**What the task asks:**
Copy exactly the lines from the beginning of the data down to and including the line holding "大和牛壽喜燒加烏冬,大量蔬菜配豆腐和牛肉,湯頭比較甜膩。", without any pictures.

**Collected data:**
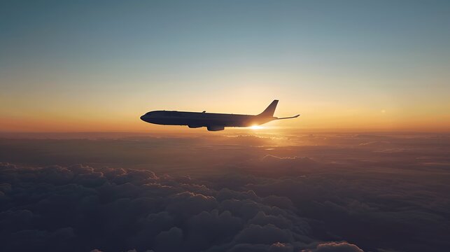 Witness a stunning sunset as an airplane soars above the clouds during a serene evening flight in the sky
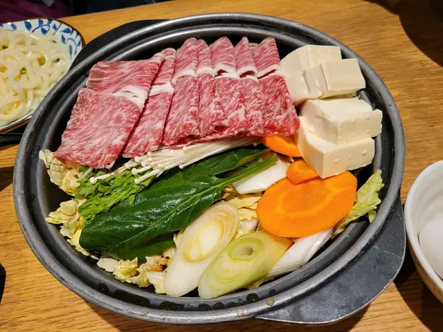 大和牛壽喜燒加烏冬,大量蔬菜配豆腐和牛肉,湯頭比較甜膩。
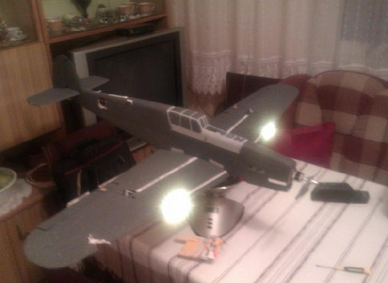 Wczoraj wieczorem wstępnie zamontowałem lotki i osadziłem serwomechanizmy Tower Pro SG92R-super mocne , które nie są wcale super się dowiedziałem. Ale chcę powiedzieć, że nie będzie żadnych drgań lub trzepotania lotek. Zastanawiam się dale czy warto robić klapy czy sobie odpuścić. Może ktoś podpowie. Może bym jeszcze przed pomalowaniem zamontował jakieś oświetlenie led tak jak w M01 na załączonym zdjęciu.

**Written reply:**
 Witness a stunning sunset as an airplane soars above the clouds during a serene evening flight in the sky
 大和牛壽喜燒加烏冬,大量蔬菜配豆腐和牛肉,湯頭比較甜膩。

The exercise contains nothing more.